Tumor cell enrichment using tissue suspension

A total of 12 FFPE samples from 4 patients with gastric cancer were obtained from the tissue bank of Division of Pathology at Shizuoka Cancer Center. The series included 10, 20, and 50 µm thick FFPE tissue sections from two diffuse-type (D1 and D2) and two intestinal (S1 and S2) gastric cancers that were collected between 2014 and 2019 (Fig. 1). The tumor cellularity estimated by a pathologist was less in the diffuse-type (D1, 20%; D2, 20%) than in the intestinal type (S1, 60%; S2, 50%). These diffuse-type gastric cancers were considered unsuitable for macrodissection to enrich tumor cells in the FFPE tissue sections due to the dispersion of tumor cells in the tissue.

Figure 1
figure 1

Hematoxylin and eosin (H&E) staining of gastric cancers used in next-generation sequencing. D1/2 and S1/2 were diagnosed as diffuse-type and intestinal gastric cancers, respectively. Scale bar represents 2.5 mm. Insets show a partial enlargement of the H&E-stained images. In the insets of the image for diffuse-type gastric cancer (D1 and D2), the areas with high density of tumor cells are indicated with black arrows. Scale bar in the inset represents 100 µm.
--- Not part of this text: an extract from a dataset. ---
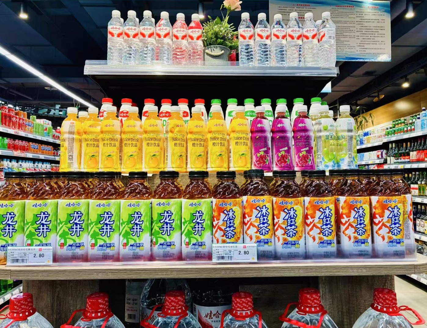 今年3月,界面新闻走访北京、河北超市看到,娃哈哈的包装水、龙井茶、冰红茶等产品铺货充足,其中冰红茶和龙井茶产品还有“一元再享一瓶”的活动。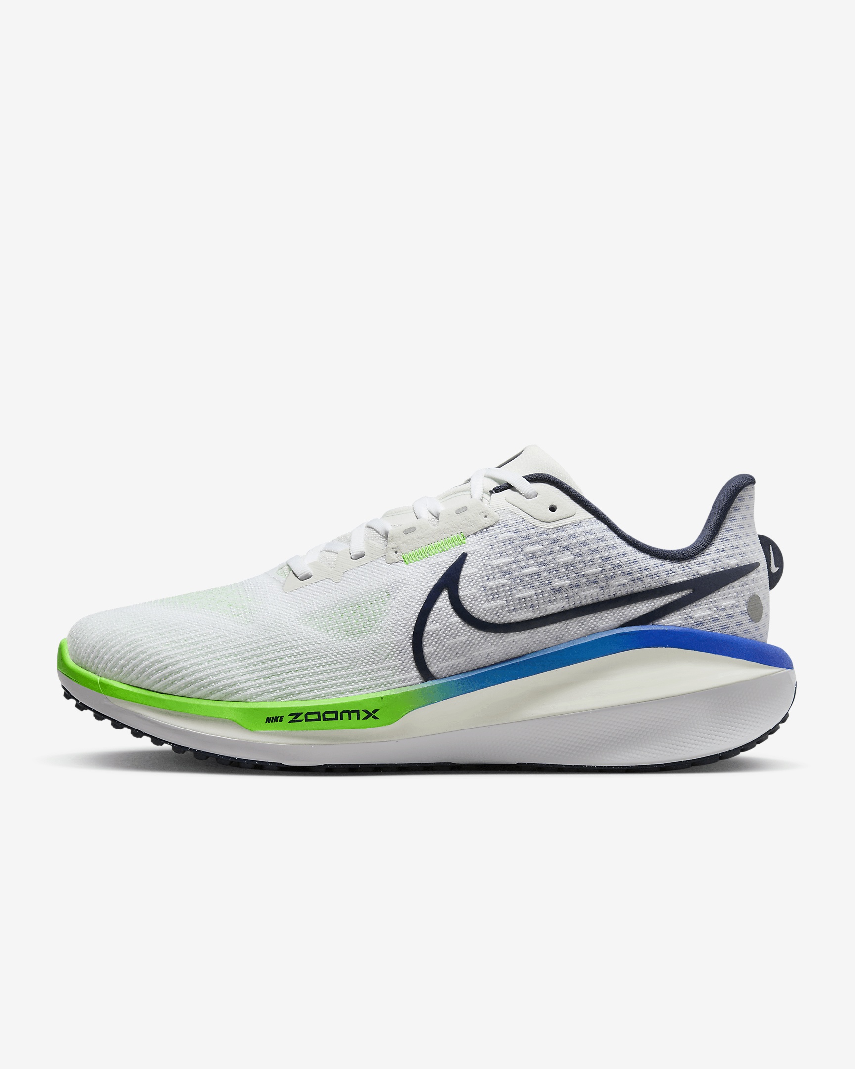 Maximum cushioning provides a comfortable ride for everyday runs. Experience enhanced comfort in this latest version with a dual-density midsole made with a combination of ZoomX underfoot and Cushlon 3.0 foam throughout. Plus, a new engineered mesh upper offers more breathability. Benefits - New engineered mesh upper for soft breathability - Dual-density midsole with ZoomX foam stacked on top of Cushlon 3.0 foam for a comfortable ride - Redesigned waffle-inspired outsole with break points for a smooth, flexible stride - Plush tongue and lining for a comfortably snug feel - What’s New? New stacked foam midsole with premium ZoomX on top of Cushlon 3.0 foam to amplify cushioned comfort. Product Details - Weight: Approx. 298g/ 10.5oz (Men's US 10) - Heel-to-toe drop: 10mm - MR-10 Last - Our best, most consistent fit - Not intended for use as Personal Protective Equipment (PPE) - Shown: White/Platinum Tint/Racer Blue/Thunder Blue - Style: FB1309-100

To increase the proportion of tumor cells from which DNA could be extracted in the FFPE tissue sections, tumor cell enrichment was performed using tissue suspension. The populations considered to be of tumor cells (cytokeratin + , vimentin−) were enriched in the tumor fractions compared to the unseparated samples, whereas in the residual fraction, these populations were decreased in both diffuse-type and intestinal gastric cancers (Fig. 2). The residual and tumor fractions contained 0.91–17% tumor cells and 0.37–4.4% non-tumor cells (cytokeratin-, vimentin +) as contamination, respectively.

Figure 2
figure 2

Estimation of tumor cell population in formalin-fixed paraffin-embedded (FFPE) tissue sections using flow cytometry. The FFPE tissue sections of different thickness (10, 20, and 50 µm) were suspended and separated using magnetic-activated cell sorting (MACS) with anti-cytokeratin microbeads. These fractions were stained with anti-cytokeratin and vimentin antibodies. To distinguish nuclei and erythrocytes, DAPI and CD235 staining were performed simultaneously. The suspensions enriched with the microbeads are defined as tumor fractions, and samples that could not be captured with these beads are designated as a residual fraction. The suspensions that were not subjected to MACS are designated as unseparated.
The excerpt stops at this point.